### Directions for this task:
Set down each entry below exactly as written, keeping the pictures out.

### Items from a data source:
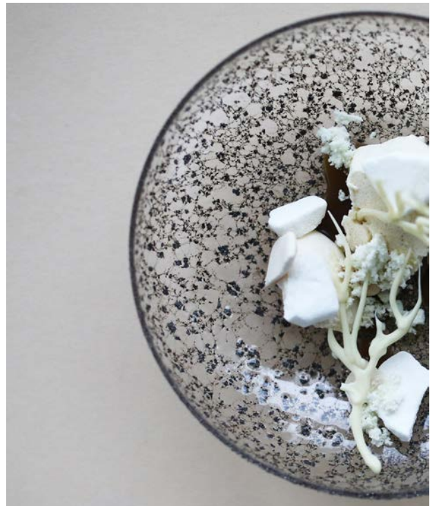
Maj-Britt Zelmer Olsen Mundblæst glas, jernfil spåner. Mad af Daniel Kruse.

nært design- og produktionspræget arbejde, der kommer til udtryk i serieproducerede hverdagsobjekter, restaurantsamarbejder samt designopgaver for virksomheder. Ens for alt hendes arbejde er en udpræget fænomenologisk interesse for keramiske overflader og for at undersøge og udfordre mødet og relationen mellem mennesket og det keramiske objekt, hvad enten det er i funktionel eller sanselig sammenhæng.
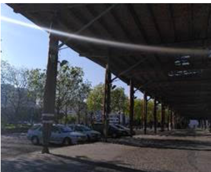
Etats-Unis - halle du marché
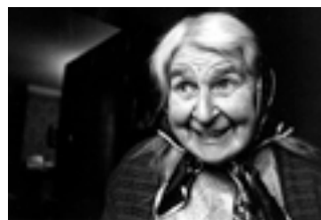
Fragments Between Time and Angels, de Pedro Sena Nunes

Estou desperto, estou disposto e quero o desafio. Outra coisa que tento mesmo promover, quer para a minha tendência ou para eu, enquanto criador, o eu criador com uma visão ou a promoção de outros que me acompanham ou que querem participar desta ou daquela maneira mais perto, é olhar a necessidade, perante este mundo de imagem que todos os dias se cria à tonelada, qual é o nosso lugar, o que é que nos distingue, como é que eu vejo e ouço um filme, como é que eu olho para ele e penso nele como um corpo, um corpo que pulsa, que tem um tempo, que cria um desafio, que cria um despiste, que tem fragilidades, como é que eu o sinto? Sempre numa perspectiva de que estamos a narrar, mais ou menos explicitamente, mas que somos sobretudo visionários – mas visionários de grande rigor. Sem o rigor, a coisa não funciona de todo. ■
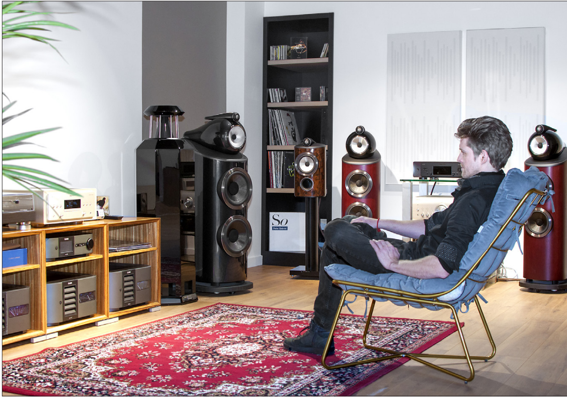
Kuunteluhuoneessa voi kokeilla sopivia kaiuttimia ja vahvistimia.

Puurtinen kertoo, että iso muutokset liittyy uuteen nimeen, Audio
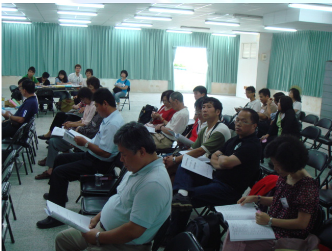
第四屆第 1 次會員大會開會情形

案由三通過 98-99 年度新加入之個人永久會員 4 位、個人會員 2 位，新加入之個人永久會員 4 位：黃麗香：漁閩代書負責人；施淵源：協會執行秘書；陳鳳珠：台北地區
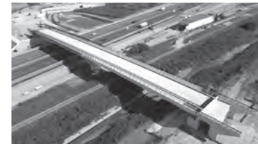
橋長●136.00m 支間長●64.40m・68.40m 桁長●134.50m
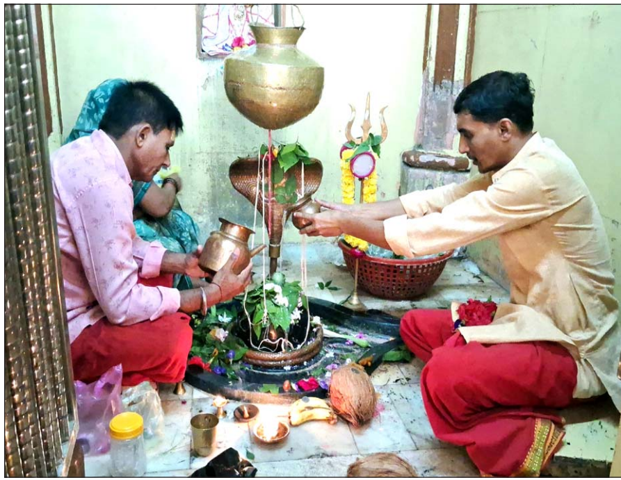
નીલકંઠ મહાદેવ મંદિરે શ્રદ્ધાળુઓએ દૂધ અને જળનો અભિષેક કર્યો હતો.

મોડાસા, તા.૪ તિજોરીમાંથી ચાંદીના છડા-૧૭ ભિલોડા તાલુકાના રીટોડા ગામે તોલાના કિંમત રૂ.૮૦૦૦/-, એક બંધ મકાનમાં તસ્કરો ત્રાટક્યા ચાંદીના કમર રૂ.૩૧-૨ હતા. ઘરના દરવાજાનું લોક તોડી રૂ.૧૩,૦૦૦/- મળી કુલ અંદર પ્રવેશ કરીને ચોરીને અંજામ રૂ.૨૨,૦૦૦/- મત્તાની ચોરી આપ્યો હતો. ઘરમાં રખાયેલ તિજોરીમાંથી બે લાખ રૂપિયા ભિલોડા પોલીસ મથકે મકાન રોકડા તથા એક માલિકે ચોરીની સોનાનો સેટ, પોલીસે ગુનો નોંધી ક રિ ય ૧ ૬ ચાંદીના છડા નોંધાવી હતી. મળી આશરે તસ્કરોને પકડવા બંને ચોરી રૂ.૨,૮૦,૦૦૦/ ચકો ગતિમાન કર્યા િભ લો ડ ૧ ની મત્તાની ચોરી તાલુકાના બંધ કરી તસ્કરો પલાયન થઈ ફરાર મકાનમાં થઈ હતી. પોલીસે થઈ ગયા હતા. આ બનાવ અંગે તસ્કરોને ઝડપવાના ચકો મકાન માલિક બાબુભાઈ દીતાજી ગતિમાન કર્યા છે.
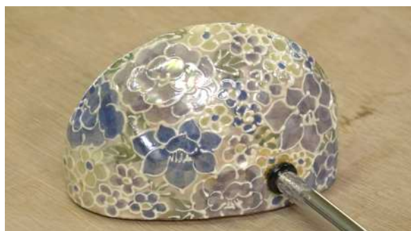
京焼パター 森俊山
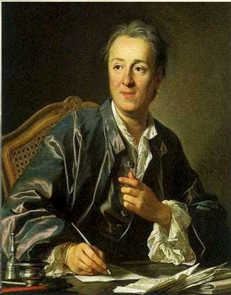
Дени Дидро 1713-1784
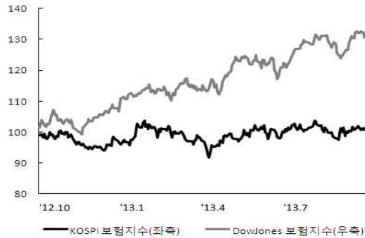
〈그림 4〉 한국, 미국 보험지수 추이

주: 2012년 9월 말 주가지수를 100으로 계산한 지수임 자료: 한국거래소, Bloomberg
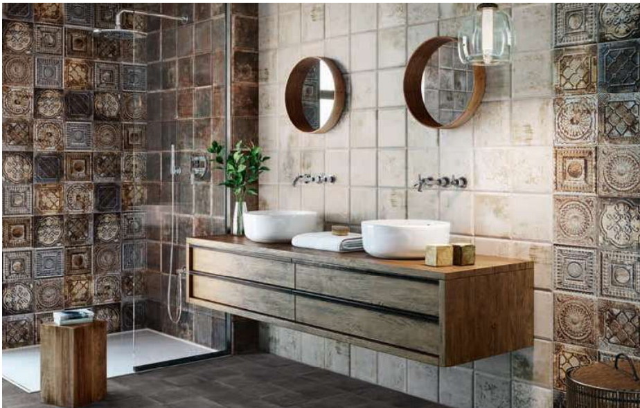
46 Tin-Tile Grey 20x20 · 8"x8" · Rusty Mix 20x20 · 8"x8" · Tin-Tile Nero 20x20 · 8"x8" Norland Black 20x20 · 8"x8" (Ver serie completa en / Check complete serie in PORCELAIN BOOK COLLECTIONS 2022 OPTYM)
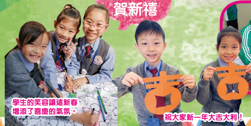
學生的笑容讓這新春增添了喜慶的氣氛。
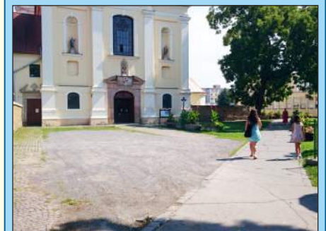
Priestor pred filakovským kostolom
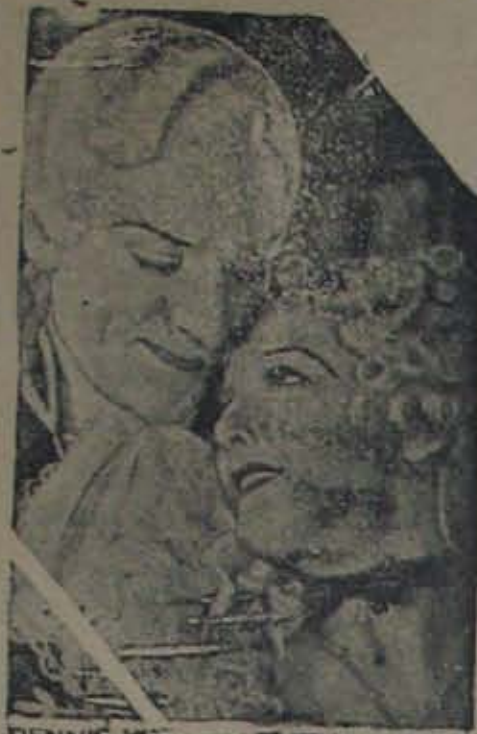
DENNIS KING and THELMA TODD in 'THE DEVIL'S BROTHER'

యిటువంటి గొప్ప ఫిలిములను ప్రదర్శించుటకు యిదే మొకటి తరుణము.
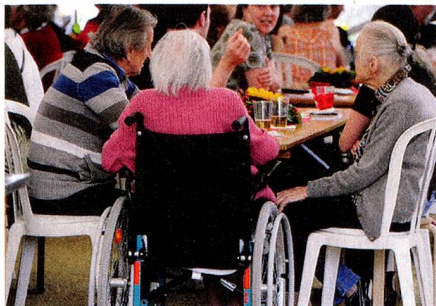
Der Anteil alter Menschen an der Bevölkerung wird immer grösser

rung des Risikoausgleichs zwischen den Kassen: Bundesrat Berset verfolgt nach dem Scheitern der gross angelegten Reformen der letzten Jahre eine Politik der kleinen Schritte. Entscheidend wird sein, ob es
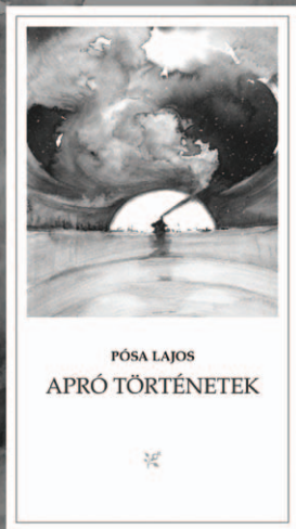
PÓSA LAJOS Apró történetek Bp., Siker K., 2014. 88 p.
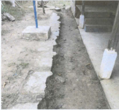
FOTO 7. Reparación de plancha de concreto en patio.
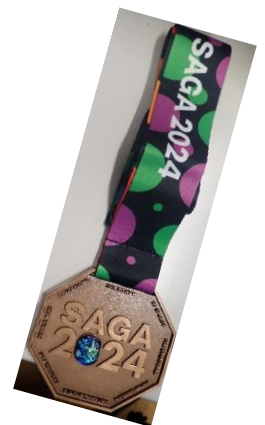
佐賀全スポーツ大会 3位メダル

様々な経験を経て、今回の大会に挑みました。午前中のブロック戦(15点2セット)では、火の国(熊本県)とかがらす卓球バレークラブ A(佐賀県)と対戦しました。それぞれ速く強い打球を打ってくるチームでしたが確実ブロックし予選1位で通過し、午後からの決勝トーナメント(11点3セット)に進出しました。午後からはまずハナミズキ(佐賀県)と戦い勝利しました。準決勝ではアスレクト(岩手県)と戦い3セット目の10-10まで続き、最後の1球では疑惑の判定(誤審)と言わざるを得ない残念な失点となりました。主審に説明を求めましたが納得のいく説明がありませんでした。その後の3位決定戦ではフレンドリー春日部(埼玉県)と戦い、勝利しました。今年も3位という結果に終わりました。
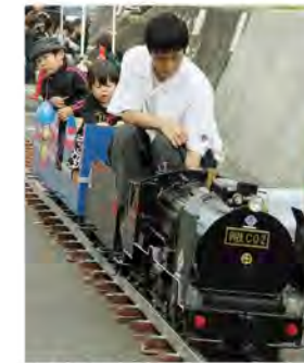
本格的なミニSLに大満足
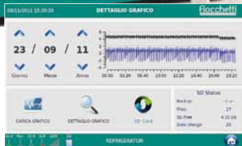
Grafico giornaliero delle temperature con ricerca per data.

Applicativo TUTORIAL: interfaccia integrata per visualizzare in qualsiasi momento i file multimediali utili sia all'utente (video istruzioni e manuale uso e manutenzione) che al service (schemi elettrici, esplosi ricambi).
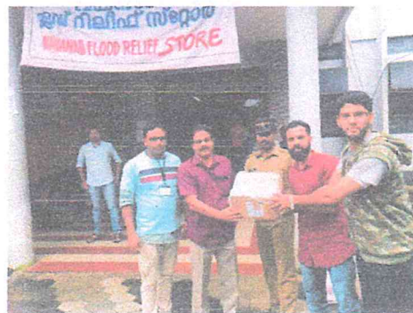
Handing over supplies to the Wayanad flood relief cell authorities

The District Collector, Wayanad and the authorities at the Wayanad flood relief cell received the timely contributions made by the University and were in great appreciation towards the support and help given.

### Output for this exercise:
Maj-Britt Zelmer Olsen Mundblæst glas, jernfil spåner. Mad af Daniel Kruse.

nært design- og produktionspræget arbejde, der kommer til udtryk i serieproducerede hverdagsobjekter, restaurantsamarbejder samt designopgaver for virksomheder. Ens for alt hendes arbejde er en udpræget fænomenologisk interesse for keramiske overflader og for at undersøge og udfordre mødet og relationen mellem mennesket og det keramiske objekt, hvad enten det er i funktionel eller sanselig sammenhæng.
Etats-Unis - halle du marché
Fragments Between Time and Angels, de Pedro Sena Nunes

Estou desperto, estou disposto e quero o desafio. Outra coisa que tento mesmo promover, quer para a minha tendência ou para eu, enquanto criador, o eu criador com uma visão ou a promoção de outros que me acompanham ou que querem participar desta ou daquela maneira mais perto, é olhar a necessidade, perante este mundo de imagem que todos os dias se cria à tonelada, qual é o nosso lugar, o que é que nos distingue, como é que eu vejo e ouço um filme, como é que eu olho para ele e penso nele como um corpo, um corpo que pulsa, que tem um tempo, que cria um desafio, que cria um despiste, que tem fragilidades, como é que eu o sinto? Sempre numa perspectiva de que estamos a narrar, mais ou menos explicitamente, mas que somos sobretudo visionários – mas visionários de grande rigor. Sem o rigor, a coisa não funciona de todo. ■
Kuunteluhuoneessa voi kokeilla sopivia kaiuttimia ja vahvistimia.

Puurtinen kertoo, että iso muutokset liittyy uuteen nimeen, Audio
第四屆第 1 次會員大會開會情形

案由三通過 98-99 年度新加入之個人永久會員 4 位、個人會員 2 位，新加入之個人永久會員 4 位：黃麗香：漁閩代書負責人；施淵源：協會執行秘書；陳鳳珠：台北地區
橋長●136.00m 支間長●64.40m・68.40m 桁長●134.50m
નીલકંઠ મહાદેવ મંદિરે શ્રદ્ધાળુઓએ દૂધ અને જળનો અભિષેક કર્યો હતો.

મોડાસા, તા.૪ તિજોરીમાંથી ચાંદીના છડા-૧૭ ભિલોડા તાલુકાના રીટોડા ગામે તોલાના કિંમત રૂ.૮૦૦૦/-, એક બંધ મકાનમાં તસ્કરો ત્રાટક્યા ચાંદીના કમર રૂ.૩૧-૨ હતા. ઘરના દરવાજાનું લોક તોડી રૂ.૧૩,૦૦૦/- મળી કુલ અંદર પ્રવેશ કરીને ચોરીને અંજામ રૂ.૨૨,૦૦૦/- મત્તાની ચોરી આપ્યો હતો. ઘરમાં રખાયેલ તિજોરીમાંથી બે લાખ રૂપિયા ભિલોડા પોલીસ મથકે મકાન રોકડા તથા એક માલિકે ચોરીની સોનાનો સેટ, પોલીસે ગુનો નોંધી ક રિ ય ૧ ૬ ચાંદીના છડા નોંધાવી હતી. મળી આશરે તસ્કરોને પકડવા બંને ચોરી રૂ.૨,૮૦,૦૦૦/ ચકો ગતિમાન કર્યા િભ લો ડ ૧ ની મત્તાની ચોરી તાલુકાના બંધ કરી તસ્કરો પલાયન થઈ ફરાર મકાનમાં થઈ હતી. પોલીસે થઈ ગયા હતા. આ બનાવ અંગે તસ્કરોને ઝડપવાના ચકો મકાન માલિક બાબુભાઈ દીતાજી ગતિમાન કર્યા છે.
京焼パター 森俊山
Дени Дидро 1713-1784
〈그림 4〉 한국, 미국 보험지수 추이

주: 2012년 9월 말 주가지수를 100으로 계산한 지수임 자료: 한국거래소, Bloomberg
46 Tin-Tile Grey 20x20 · 8"x8" · Rusty Mix 20x20 · 8"x8" · Tin-Tile Nero 20x20 · 8"x8" Norland Black 20x20 · 8"x8" (Ver serie completa en / Check complete serie in PORCELAIN BOOK COLLECTIONS 2022 OPTYM)
學生的笑容讓這新春增添了喜慶的氣氛。
Priestor pred filakovským kostolom
DENNIS KING and THELMA TODD in 'THE DEVIL'S BROTHER'

యిటువంటి గొప్ప ఫిలిములను ప్రదర్శించుటకు యిదే మొకటి తరుణము.
Der Anteil alter Menschen an der Bevölkerung wird immer grösser

rung des Risikoausgleichs zwischen den Kassen: Bundesrat Berset verfolgt nach dem Scheitern der gross angelegten Reformen der letzten Jahre eine Politik der kleinen Schritte. Entscheidend wird sein, ob es
PÓSA LAJOS Apró történetek Bp., Siker K., 2014. 88 p.
FOTO 7. Reparación de plancha de concreto en patio.
佐賀全スポーツ大会 3位メダル

様々な経験を経て、今回の大会に挑みました。午前中のブロック戦(15点2セット)では、火の国(熊本県)とかがらす卓球バレークラブ A(佐賀県)と対戦しました。それぞれ速く強い打球を打ってくるチームでしたが確実ブロックし予選1位で通過し、午後からの決勝トーナメント(11点3セット)に進出しました。午後からはまずハナミズキ(佐賀県)と戦い勝利しました。準決勝ではアスレクト(岩手県)と戦い3セット目の10-10まで続き、最後の1球では疑惑の判定(誤審)と言わざるを得ない残念な失点となりました。主審に説明を求めましたが納得のいく説明がありませんでした。その後の3位決定戦ではフレンドリー春日部(埼玉県)と戦い、勝利しました。今年も3位という結果に終わりました。
本格的なミニSLに大満足
Grafico giornaliero delle temperature con ricerca per data.

Applicativo TUTORIAL: interfaccia integrata per visualizzare in qualsiasi momento i file multimediali utili sia all'utente (video istruzioni e manuale uso e manutenzione) che al service (schemi elettrici, esplosi ricambi).
Handing over supplies to the Wayanad flood relief cell authorities

The District Collector, Wayanad and the authorities at the Wayanad flood relief cell received the timely contributions made by the University and were in great appreciation towards the support and help given.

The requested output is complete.